** WORK INSTRUCTIONS **
Give again, word for word, the lines below that run from the line with "イヤーカフとの重ね付けをすることで、さらに華やかな印象に." through the line with "Cloison de séparation". Drop the pictures.

━━ DATA FOR PROCESSING ━━

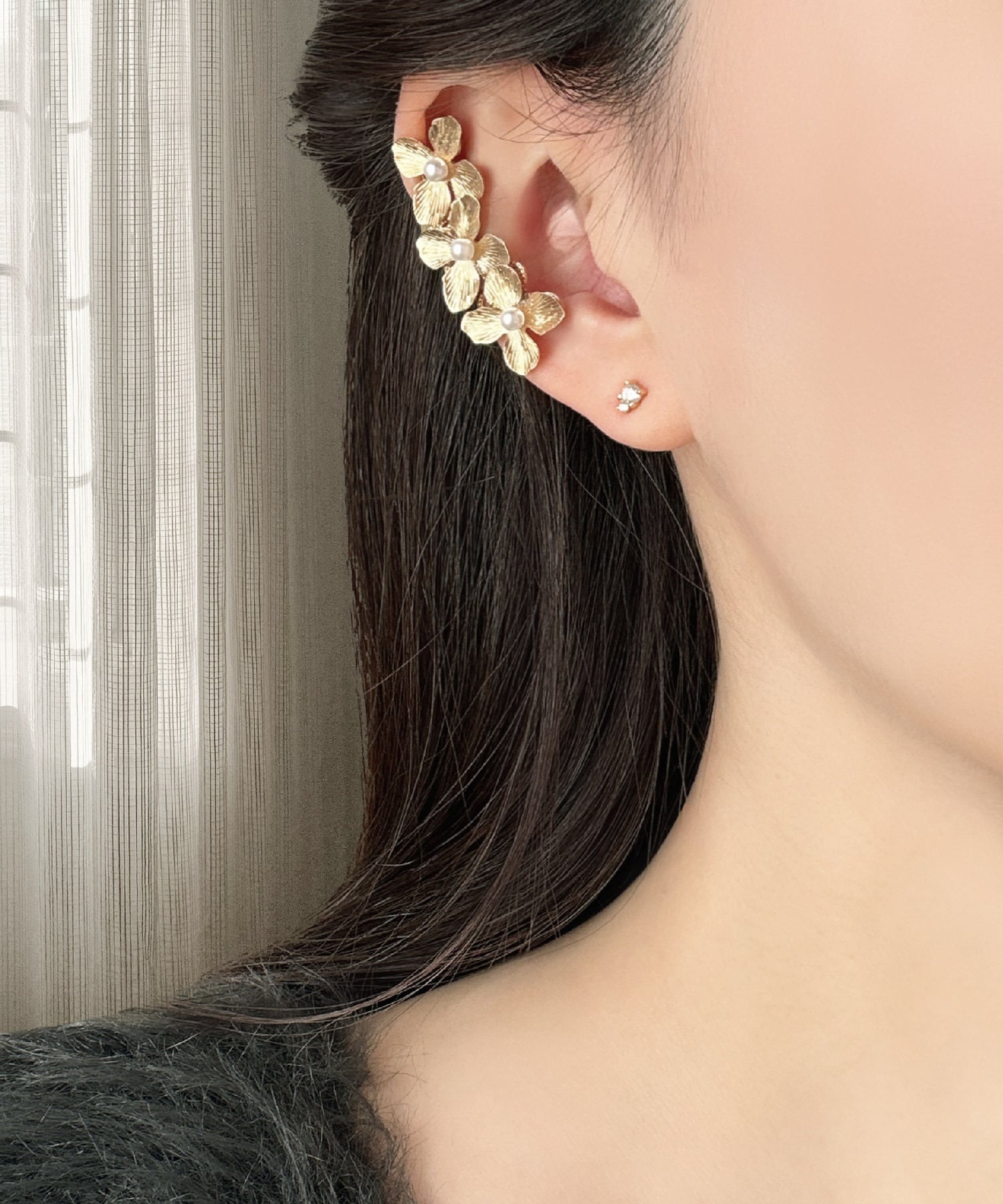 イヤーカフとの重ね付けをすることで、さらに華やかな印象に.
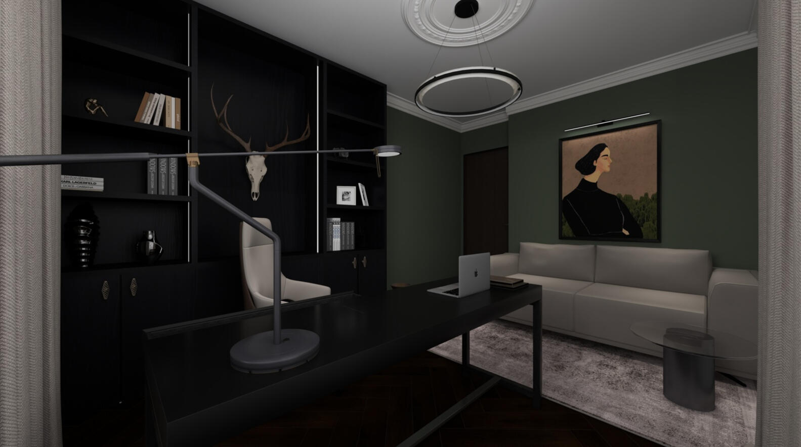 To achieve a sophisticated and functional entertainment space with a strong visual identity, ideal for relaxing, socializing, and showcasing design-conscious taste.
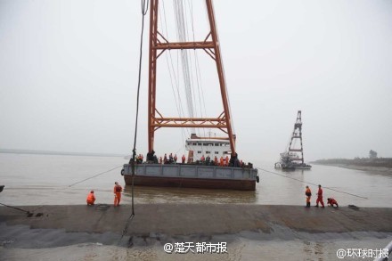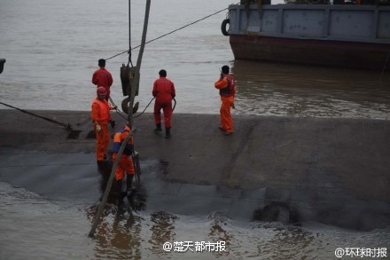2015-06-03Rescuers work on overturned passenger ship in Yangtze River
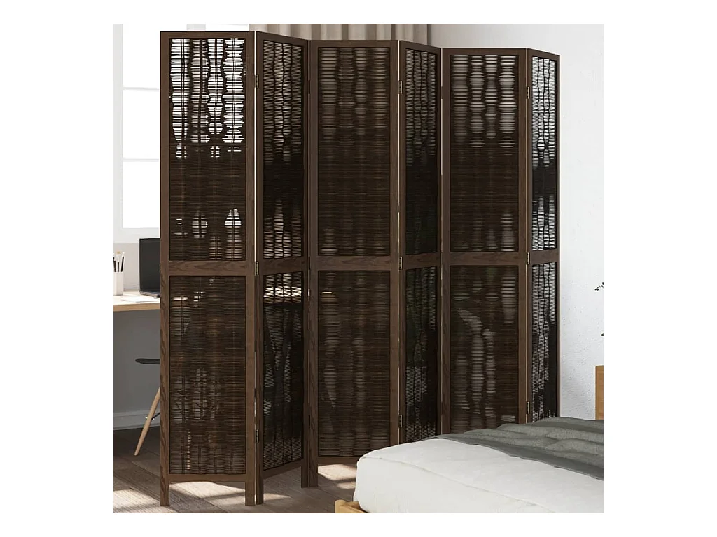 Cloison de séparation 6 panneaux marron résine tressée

━━━
━━ DATA FOR PROCESSING ━━

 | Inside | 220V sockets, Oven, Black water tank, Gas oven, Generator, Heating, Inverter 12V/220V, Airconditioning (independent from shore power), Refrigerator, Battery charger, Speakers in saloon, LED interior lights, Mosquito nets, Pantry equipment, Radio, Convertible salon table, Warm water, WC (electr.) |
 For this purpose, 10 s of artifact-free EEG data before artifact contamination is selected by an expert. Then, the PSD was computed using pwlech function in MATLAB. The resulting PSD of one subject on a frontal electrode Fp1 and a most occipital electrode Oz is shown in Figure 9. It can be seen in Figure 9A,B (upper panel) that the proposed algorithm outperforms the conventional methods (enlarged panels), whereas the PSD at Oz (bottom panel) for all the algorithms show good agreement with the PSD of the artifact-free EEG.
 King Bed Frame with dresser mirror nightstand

━━━
━━ DATA FOR PROCESSING ━━

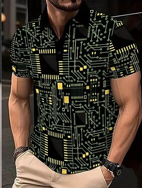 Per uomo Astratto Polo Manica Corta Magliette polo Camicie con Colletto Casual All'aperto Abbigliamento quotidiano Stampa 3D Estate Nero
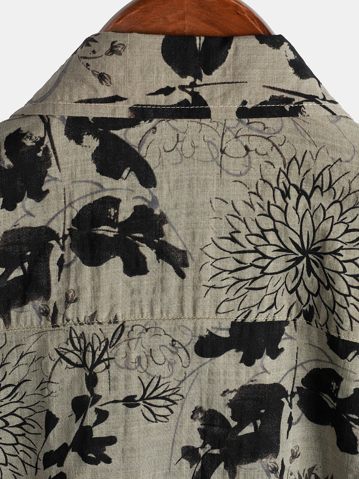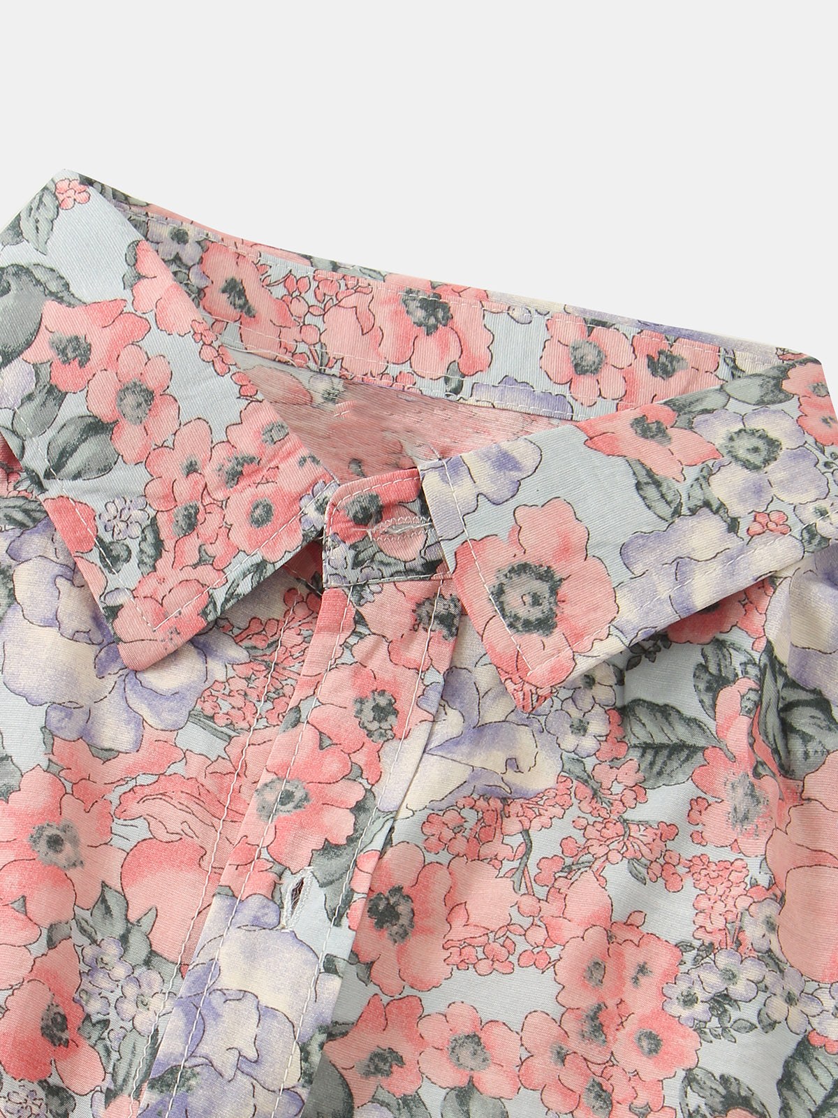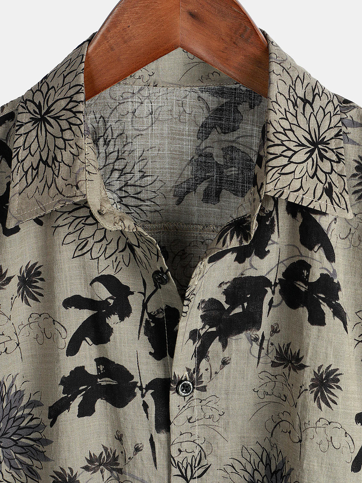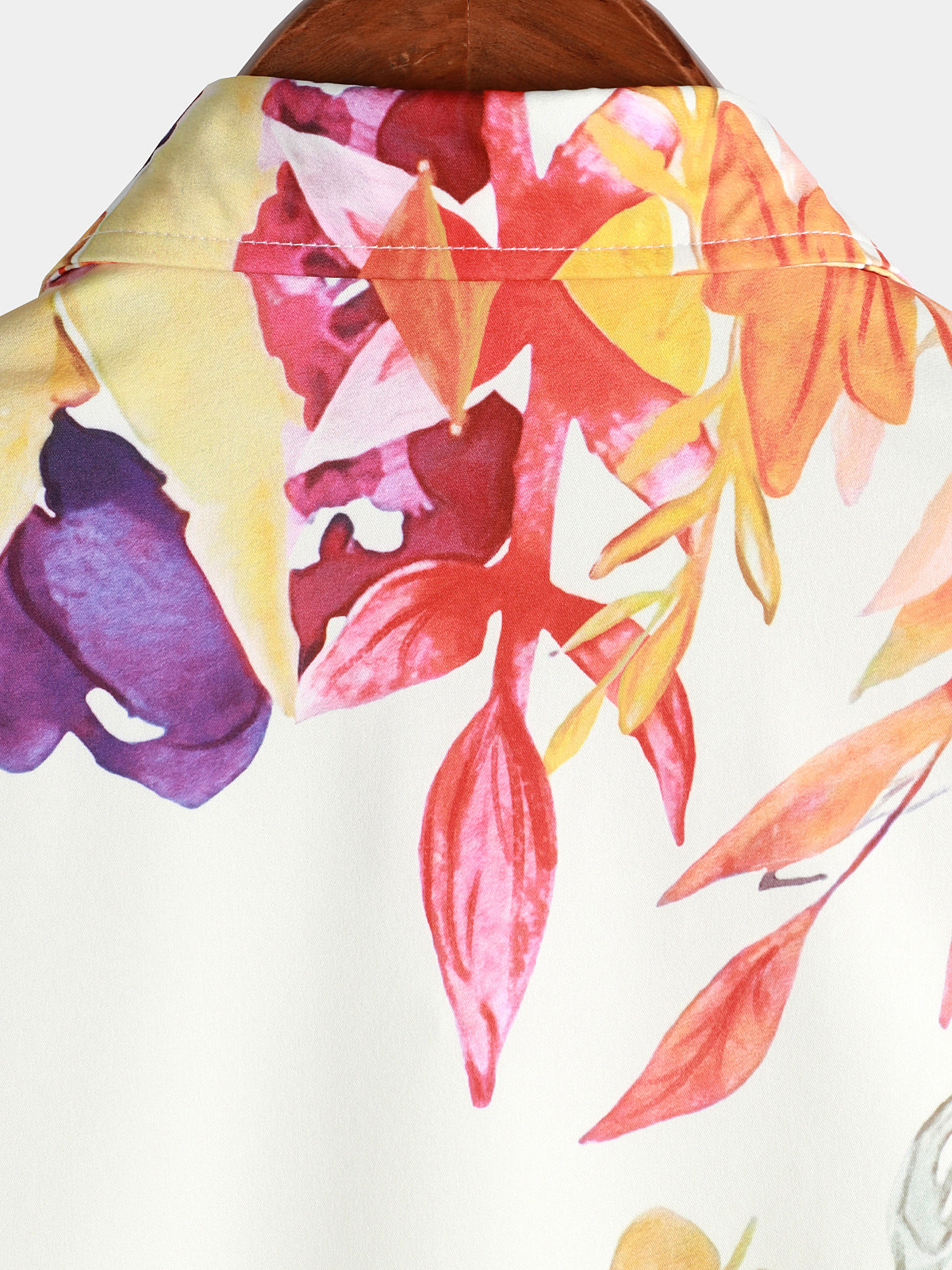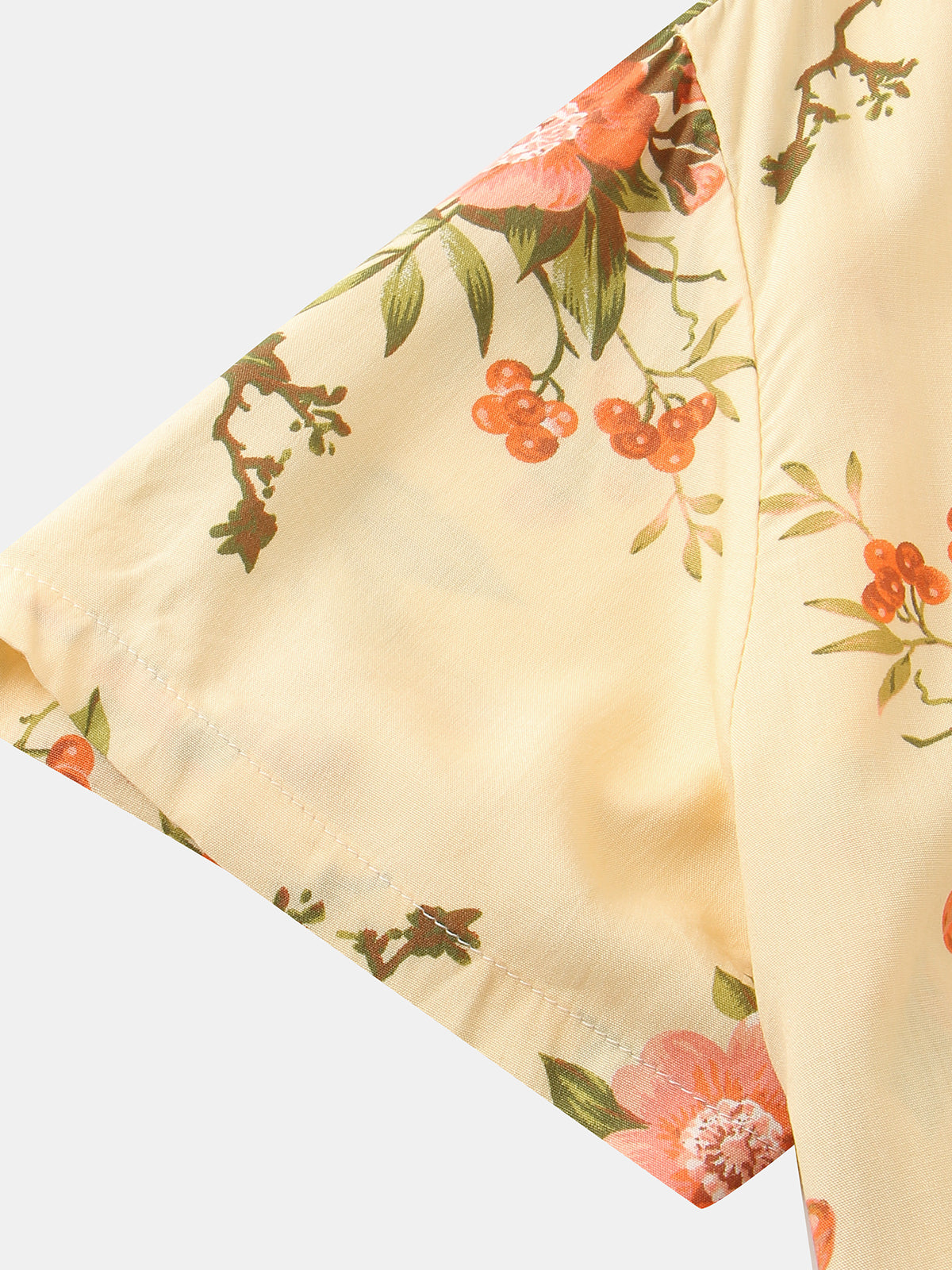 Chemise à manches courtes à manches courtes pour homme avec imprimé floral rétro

━━━

** RESPONSE AREA **
 イヤーカフとの重ね付けをすることで、さらに華やかな印象に.
 To achieve a sophisticated and functional entertainment space with a strong visual identity, ideal for relaxing, socializing, and showcasing design-conscious taste.
2015-06-03Rescuers work on overturned passenger ship in Yangtze River
 Cloison de séparation 6 panneaux marron résine tressée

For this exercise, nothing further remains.